Mark Penner’s son Matt guides Penner’s online business, where the majority of today’s guayaberas find their owners. In fact, guayabera sales took off after Matt started the Web site in 2001. Customers hail from around the world: from Europe to New York, from New England to Alaska, and from South America to the Rio Grande Valley of Texas. Many businesses, including restaurants requiring staff wardrobes, place large orders. The store is closed on Sunday, and on a typical Monday morning, the Penners find more than 100 orders waiting online.

Worried about fit? Don’t be. “I have eight tailors here working full-time,” says Mark Penner. “If you buy a suit or a shirt before 11 in the morning, we can have it altered for you before closing time.”

So I expressed enhanced appreciation for the guayabera—and for the Penner’s tradition—by ordering some shirts. Two of my new guayaberas needed alteration, and one was back-ordered.

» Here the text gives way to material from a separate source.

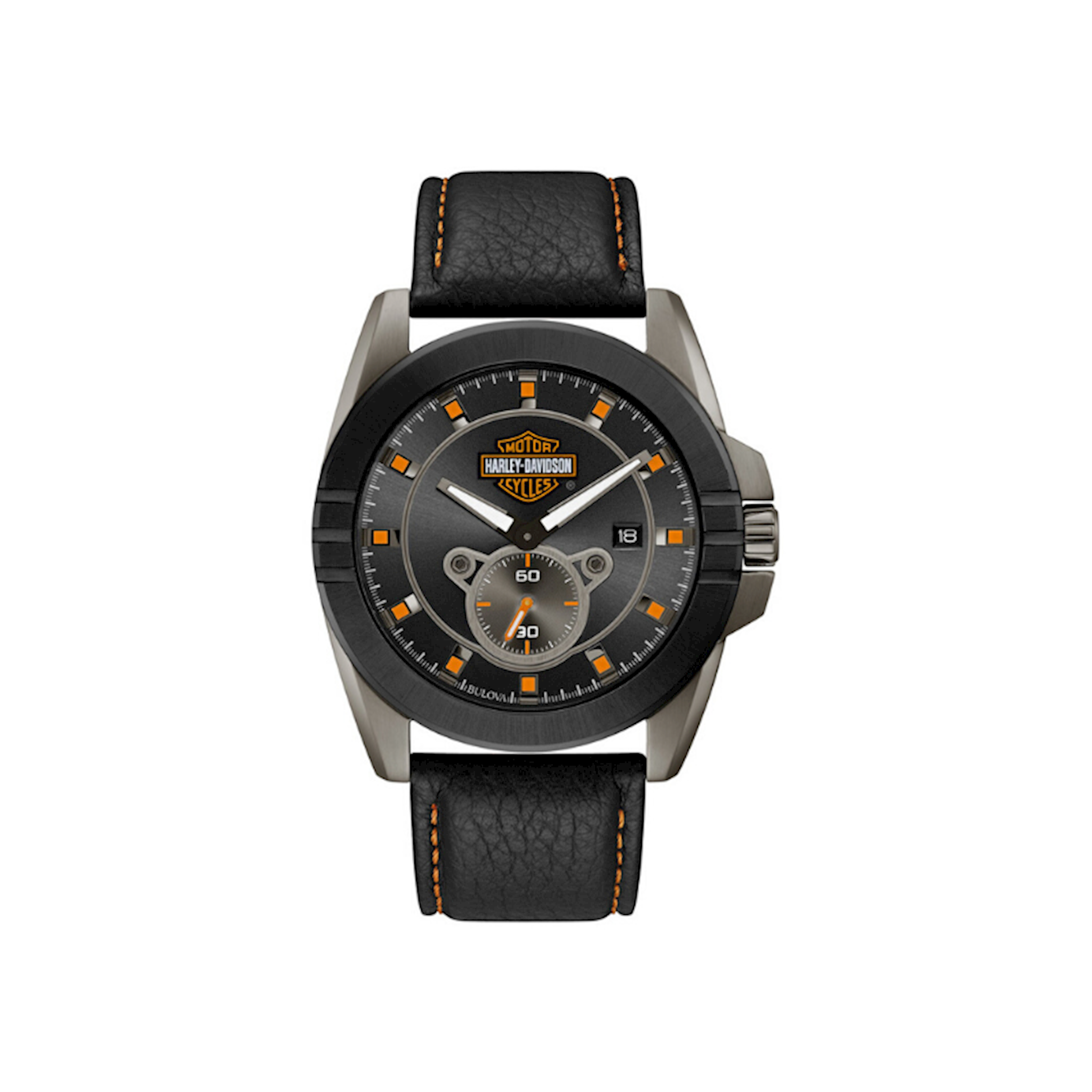 Black dial with designed seconds sub-dial inspired by the throttle mounting hardware. 2 Year Warranty through Bulova. Calender feature. Gray-tone stainless steel case with black ion-plated accents. Black leather strap with orange contrast stitching and lining.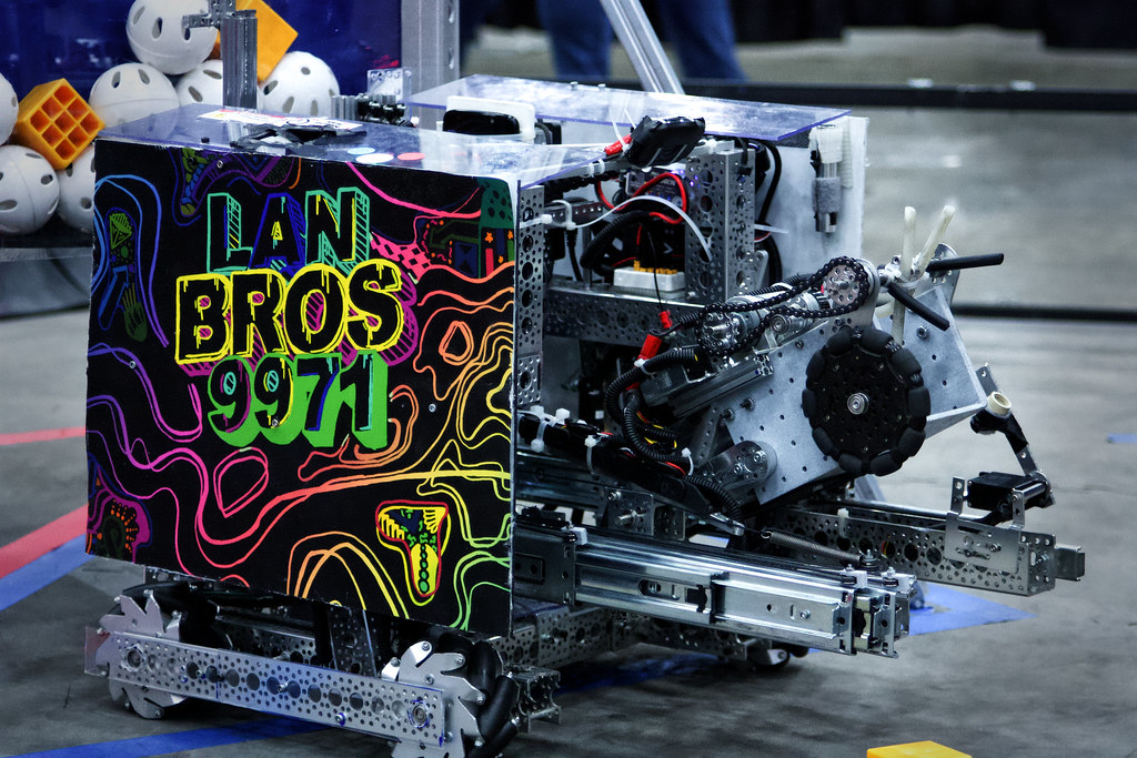 Another successful Actobotics based robot, 9971 LanBros: 2019 Winning Alliance Captain (Detroit), Rover Ruckus¶

As I expected, they soon arrived back home in Austin, exactly when Penner said they would, crisp and meticulously folded. All three are Irish linen, perfectly plain and understated, two of them flat white, and one the color of vanilla ice cream. The capacious cut and hem detail make them natural to wear with trousers or shorts. I am convinced they flatter my figure. Whenever I wear them now, I feel like the coolest guy in the room, but soon I think I’ll be needing a flashier one to wear to the beach.